2 posts were split to a new topic: Why does this Return False When x = 9?
hey bros I don’t like this I am pretty sure there is an additional step being made which is not necessary and shouldn’t be there.
def is_prime(x):
if x < 2:
return False
else:
for n in range(2, x-1): #I MEAN THIS LINE RIGHT HERE
if x % n == 0:
return False
return True
print is_prime(13)
print is_prime(10)
Why is there the (-1) I don’t think it should be there. Or I am just tired and it still counts it from 0… like. Range(2)… 0, 1 and then stop at x-1 for instance 10 which would mean 9, numbers 2 to 9 that is… 1, 2, 3, 4, 5, 6, 7, 8, 9… oh god damnit I see now, somebody please confirm I understand. Wait no need to I get it.
None indicate the absence of a return value, thus no return keyword in your function is reached. Why do you expect False?
Hi, why does is_prime(15)
return True in the solution code, while 15 is not a prime number?

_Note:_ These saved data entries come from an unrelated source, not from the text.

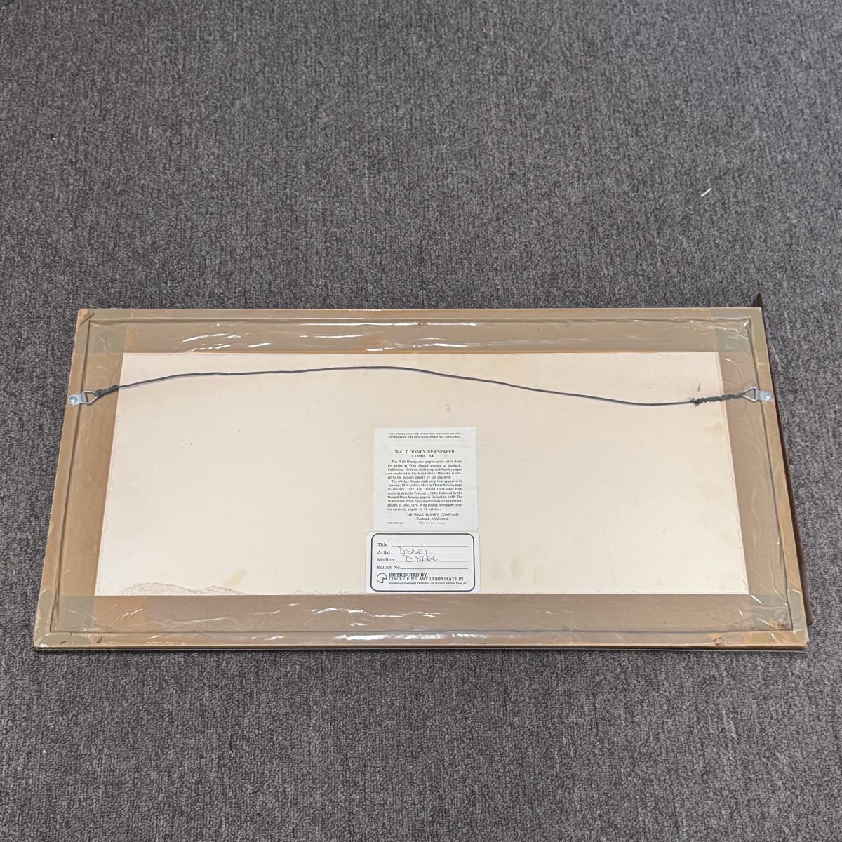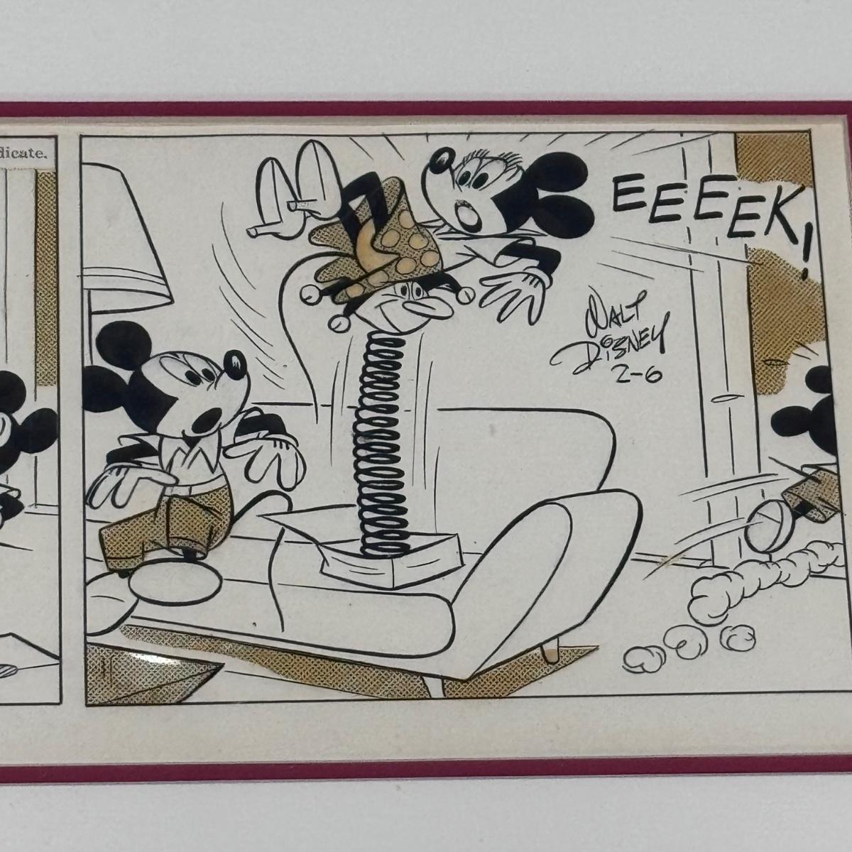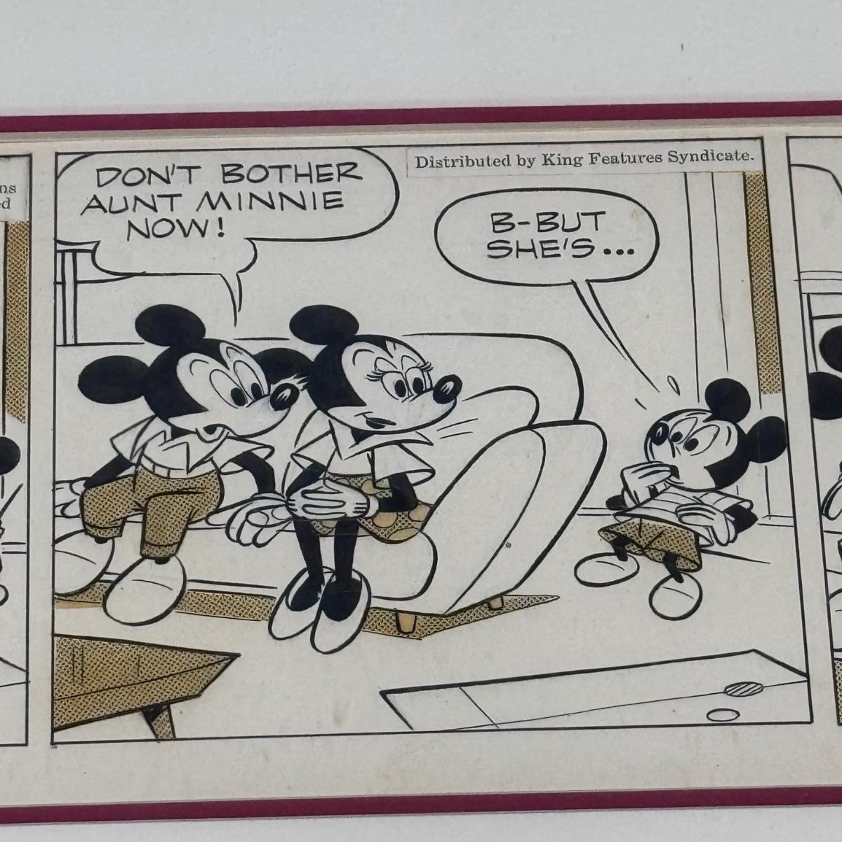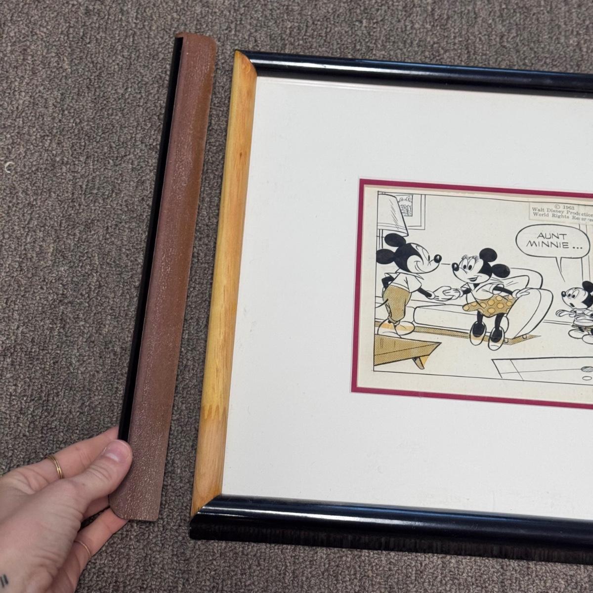 This lot includes two Walt Disney daily strips from the early 1960’s. You’ll find “The Mickey Mouse” daily strip and “The Minnie Mouse” daily strip. Both pieces of art are protected in a wooden frame with black plastic covering, a plastic layer, and double matting. “The Mickey Mouse” daily strip is a tad bigger than the other, measuring 27” x 14”H. “The Minnie Mouse” daily strip measures 26” x 13”H. The original invoices are included for both - see the last two pictures.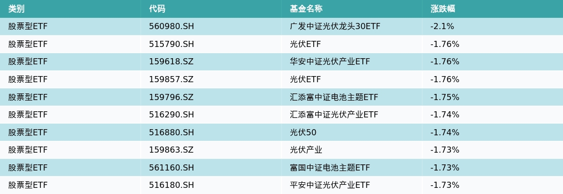 7月14日,股票型ETF跌幅最大的3支ETF及其收益率分别为:广发中证光伏龙头30ETF(-2.1%)、光伏ETF(-1.76%)、华安中证光伏产业ETF(-1.76%)。跌幅前10详情见下表: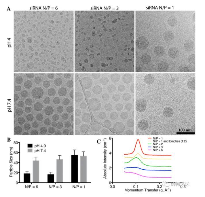 使用带电荷脂质制备siRNA-LNP时,正电荷与负电荷的数量比会影响纳米粒的大小、稳定性、电位等性能。在siRNA-LNP中,正电荷通常为具有可电离铵根(N)的阳离子脂质,而负电荷则为带有大量磷酸根(P)的核酸分子,两者可通过静电吸附的方式结合在一起。因此,不合理的比例可能会导致粒径过大、稳定性差等缺陷。值得一提的是,在研究中发现,当N/P=1时,pH中和后LNP的粒径不会有较大改变;当N/P=3或者6时,LNP在pH=7.4的缓冲液中粒径会变大。而永久阳离子脂质(例如DOTAP)制备的LNP在任何pH缓冲液中都不具有固体核心结构。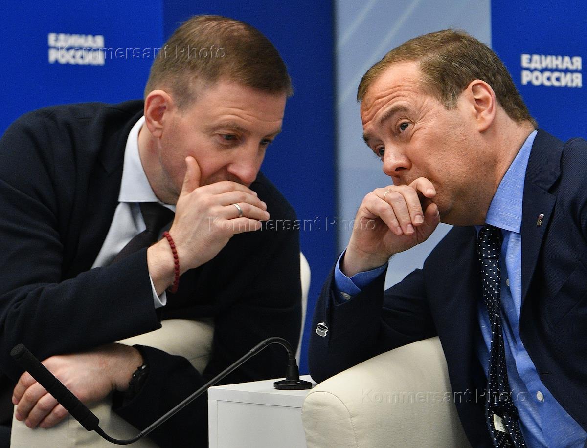 Заседание Президиума Генерального совета политической партии "Единая России" в Центральном исполнительном комитете партии. Заместитель председателя Совета Федерации России, секретарь Генсовета партии "Единая Россия" Андрей Турчак (слева) и заместитель председателя Совета Безопасности России Дмитрий Медведев (справа) во время заседания.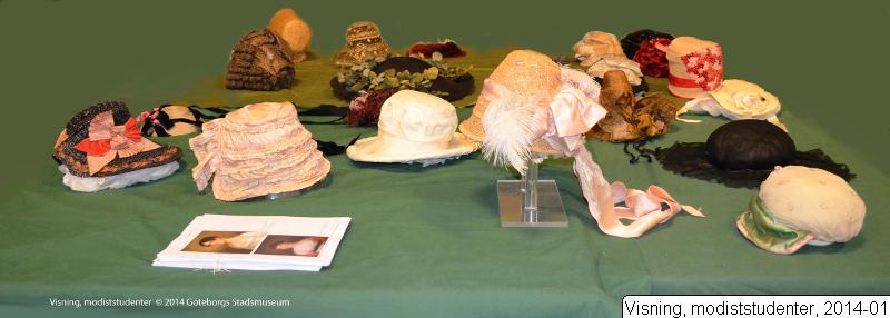 Visning av 20 damhattar tidsmässigt från 1800 talets början till omkring 1925. Ansträngningar gjorda att även få en material och teknikmässig spridning på de hattar som presenterades. Visningens gjordes för studenter och en lärare från modistutbildningen vid tillskärarakademin i Göteborg. Samtliga studenter fick söka i museets databas efter hattarnas registerposter,de uppmanades också att ställa frågor. Visningen ägde rum i magasin A.Stäng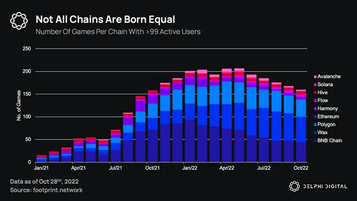 Interactions on Hive and WAX are dominated by three games: Splinterlands, Alien Worlds, and Farmers World, which slightly skew the chart. However, it is encouraging to see the “underdog” Solana slowly catching up to the more established gaming chains, BNB and Polygon, which both see many new games being deployed each month (see below).

Can’t replicate issue, using the solution code:
def is_prime(x):
if x < 2:
return False
else:
for n in range(2, x-1):
if x % n == 0:
return False
return True
print is_prime(13)
print is_prime(10)
print is_prime(15)
i get false for 15, as expected
what is false about my code:
def is_prime(x):
for e in x:
while e==range(2,x-1):
if e % n==0:
return False
else:
return True
print is_prime(17)
print is_prime(4)
print is_prime(1)
If x
is a number, it is not iterable. Consider, do we need nested loops to solve this problem?
def is_prime(x):
if x == 2:
return True
if x < 2:
return False
else:
j = 0
for n in range (2, x):
if x % n == 0:
return False
return True
print is_prime(2)
print is_prime(3)
print is_prime(4)
print is_prime(5)
print is_prime(6)
print is_prime(7)
print is_prime(8)
print is_prime(9)
Hi, I was wondering if someone could help me solve my code’s problem with the 9 (the print statements are only to verify answers as you can see). It doesn’t count 9 as a prime and I was wondering why. lately, I have been troubled by multiples and 9 appears to persist somehow.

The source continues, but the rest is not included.